Павел аккуратно закрыл за собой дверь, постоял в задумчивости у соседней.
За
Пятая и шестая двери не открывались.
Павел потоптался в коридоре и вдруг вспомнил, что галерея перехода из лаборатории в Ствол начинается двумя этажами ниже. Он мысленно представил план этого нижнего горизонта, вышел в вестибюль и снял с пояса пистолет. Лифты не работали, лестницы перестали быть лестницами, и на нижний этаж можно было попасть только через перекрытие — с помощью грубой силы.
Павел рассчитал импульс, способный пробить двадцать сантиметров пластобетона, выбрал точку удара в трех метрах от себя и нажал на спуск. Из дула пистолета ахнуло пламя разряда, вонзилось в пол, и в то же мгновение сильный удар в грудь отбросил инспектора к стене. Ослепительный клубок огня, роняя тающие клочья, метнулся в стену напротив. Пол завибрировал, здание вздрогнуло, шатнулось, гул и грохот всплыли из его недр…

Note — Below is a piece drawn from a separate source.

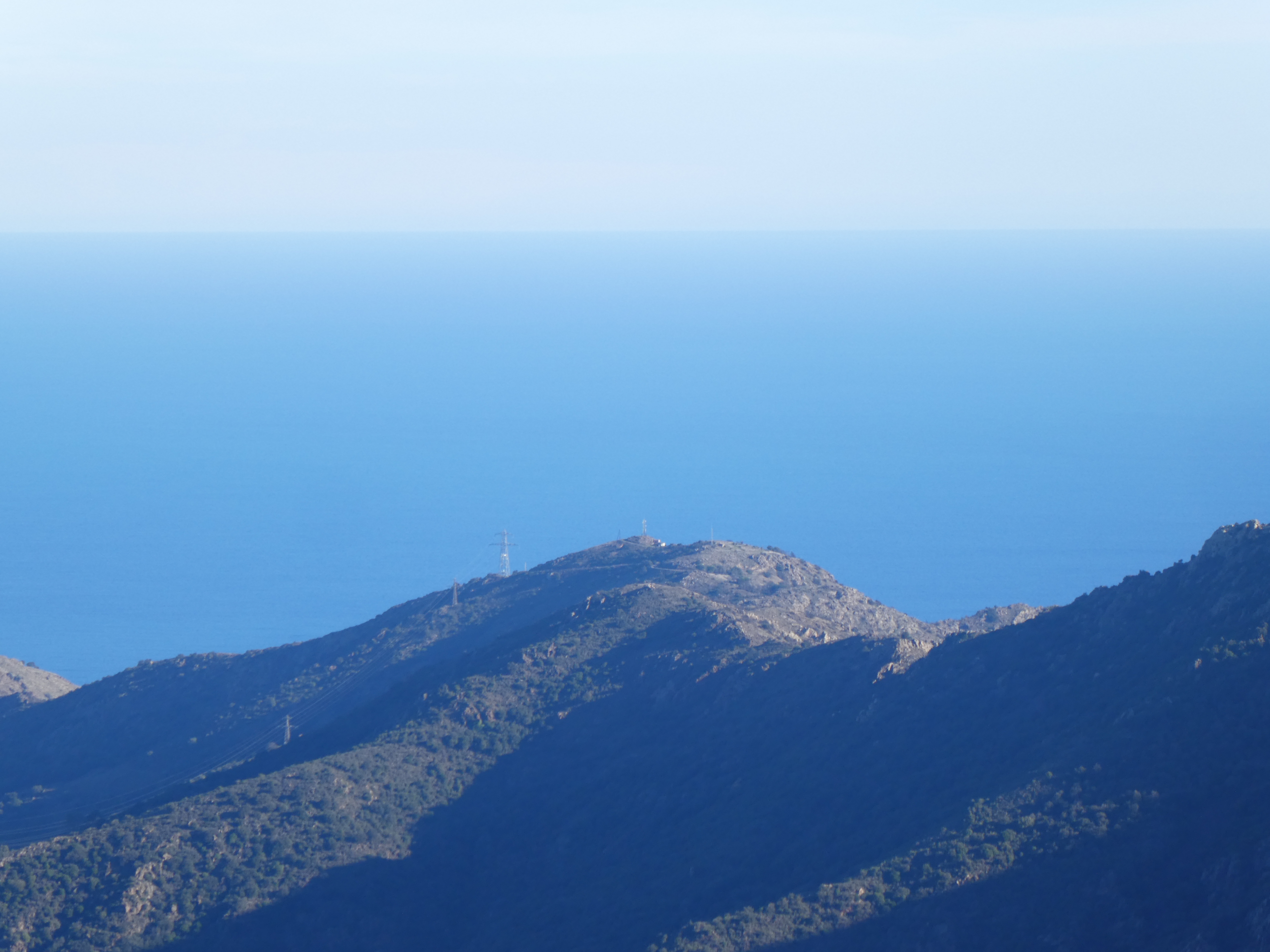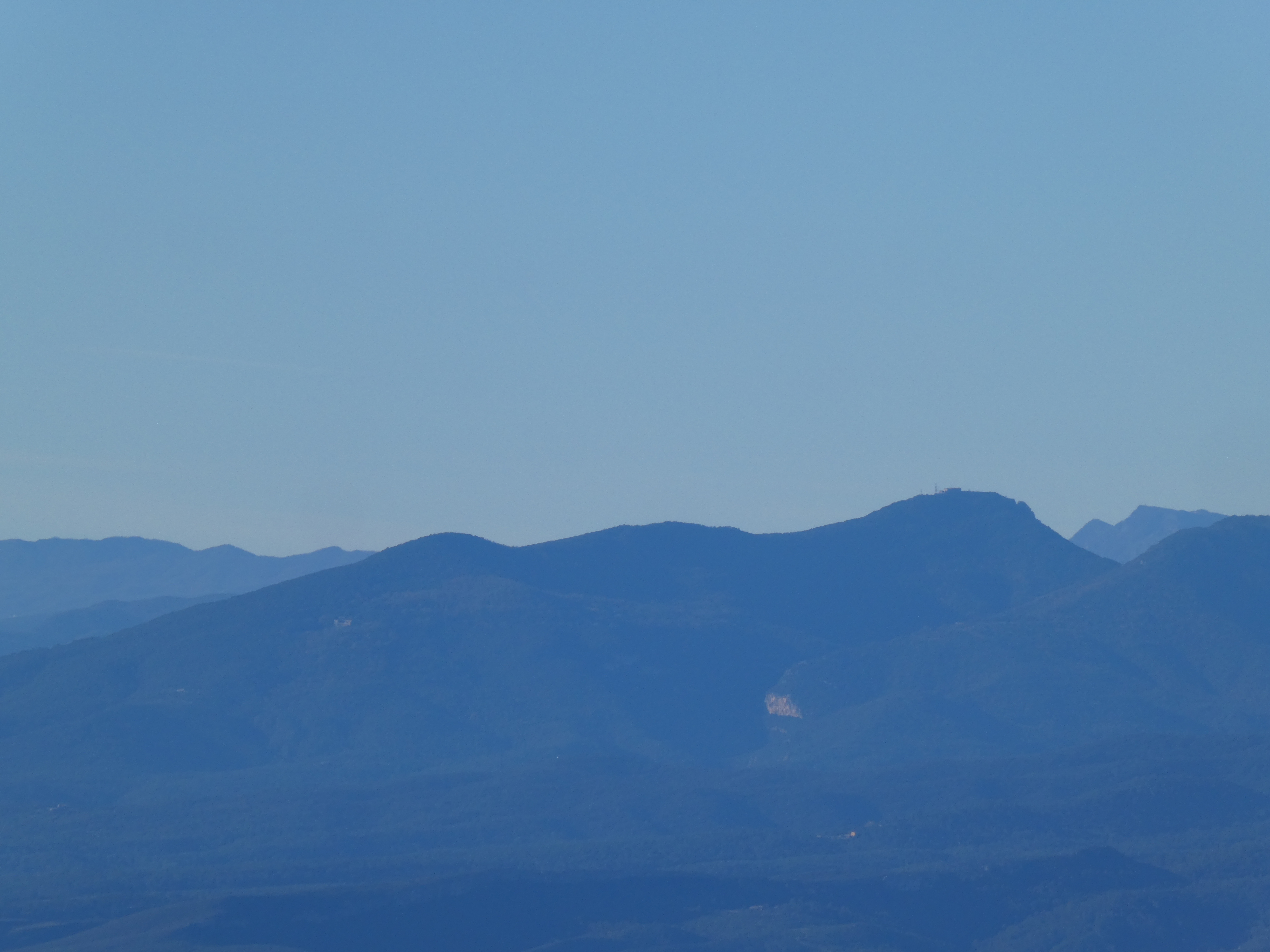 Zoom sur le Puig de la Bicoca (1445 m) à gauche et Santa Magdalena de Cambrils (1547 m) au centre-droit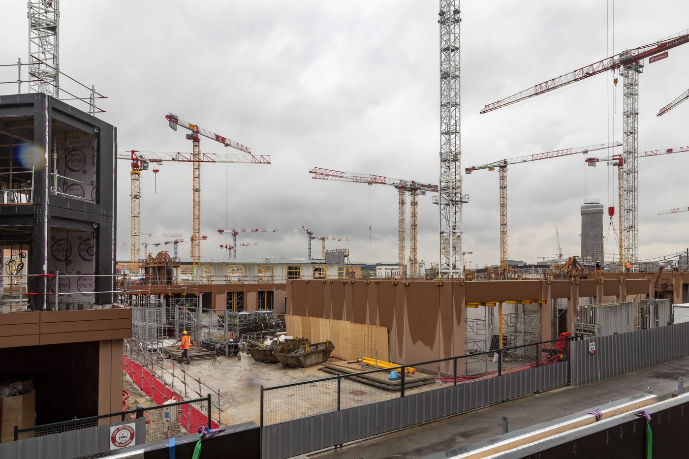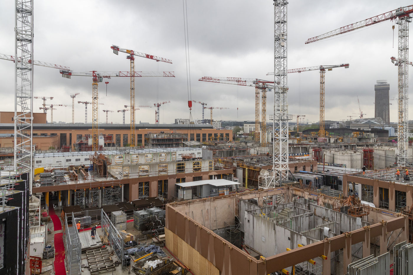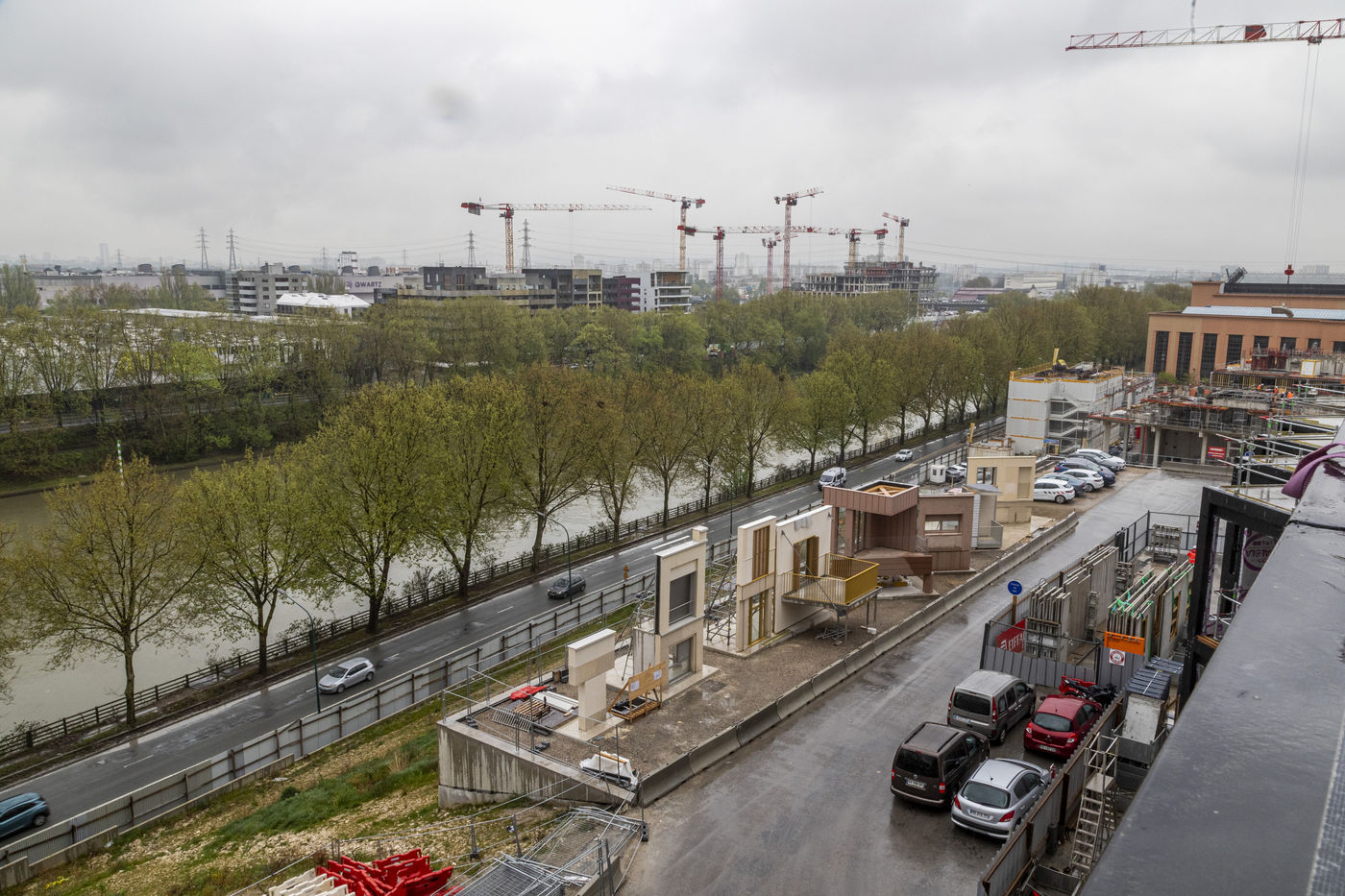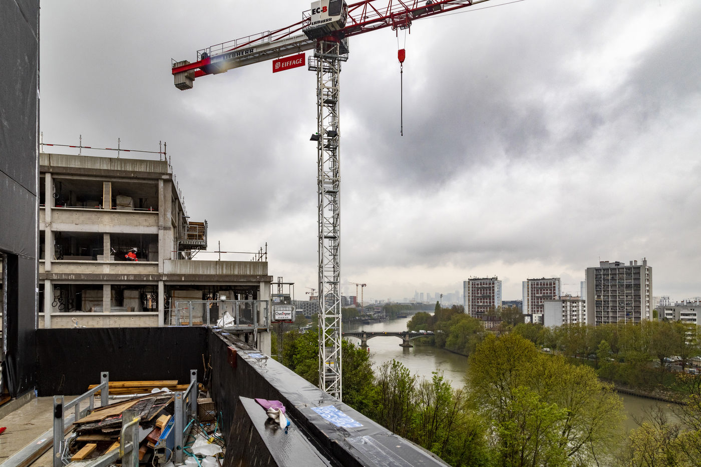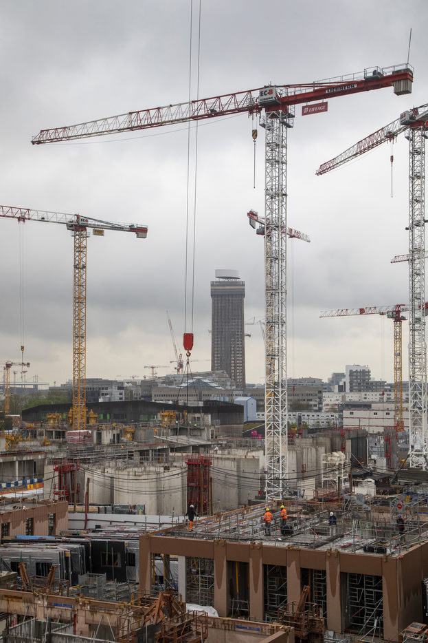 France, Saint-Ouen-sur-Seine, 2022-04-13. Les travaux du village des Athlètes, le site qui accueillera plus de 14 000 participants, et leurs accompagnants, aux Jeux Olympiques Paris 2024, ont démarré en avril 2021. Un programme immobilier de 527 logements voit le jour petit à petit et les travaux progressent. Au niveau du secteur E, un des plus grands chantiers mono site de France, mené par Eiffage, Nexity, CDC Habitat, près de 4 000 artisans du bâtiment travaillent sur la construction de 19 immeubles qui devront Être termine le 1er mars 2024. Photographie par Caroline PAUX / Hans Lucas

Чувствуя подступающую к горлу тошноту борясь с неожиданно подкравшейся слабостью — видимо, часть неведомой энергии прорвалась-таки сквозь защиту скафандра, — Павел побрел вдоль стены к выходу, оглядываясь на разгул стихий. За бледной стеной огня он разглядел черный поток, затопивший чашу фонтана.
Когда инспектор вышел из лаборатории, его встретила хмурая беззвездная ночь…
— Все? — спросил Ромашин, подождав минуту.
Павел кивнул.
В кабинете начальника отдела, кроме него и Павла, сидели директор УАСС, заместитель председателя Высшего Координационного Совета Орест Шахов и Атанас Златков. Ромашин оглядел присутствующих и снова повернулся к Жданову.
— Ты отсутствовал двое с половиной суток. Утром хотели посылать дублера. Кстати, почему ты не записал голос «потомка»?
— Это был скорее всего не голос, а мыслепередача.
— Поясните, о чем речь, — попросил Шахов. — Я не знаю подробностей.
Ромашин рассказал о таинственном незнакомце, контролирующем действия инспектора.
— А по-моему, потомки вмешаться не могли, — сказал Костров. — Своим вмешательством они рискуют изменить собственную реальность, разве не так?
— В известной мере это парадокс, — согласился Златков. — Но и его можно объяснить по-разному. Может быть, в момент проведения эксперимента возникла развилка во времени, и наши наблюдатели — из другой ветви мира. Но скорее всего вступил в силу закон затухания последствий, и потомкам на большом отрезке времени не страшны никакие изменения в нашей эпохе.
— И все же я не понял, почему именно Павел Жданов выбран… теми, кто контролирует, — пробурчал Шахов. — Неужели он столь незаменим? Извините, — Шахов повернул голову к Павлу, — у меня нет намерения обидеть вас, но почему — именно вы?
— Не знаю, — тихо сказал Павел. — Никаких особых заслуг у меня нет, сверхспособностей тоже…
— Очевидно, этот выбор навсегда останется загадкой для нас, — сказал Златков. — Жданов, как вы уже слышали, задавал вопрос своему куратору, но ответ получил расплывчатый. Можно предположить, что наблюдатель не захотел прямо
— Довольно туманно… Но как вы мыслите осуществить выключение?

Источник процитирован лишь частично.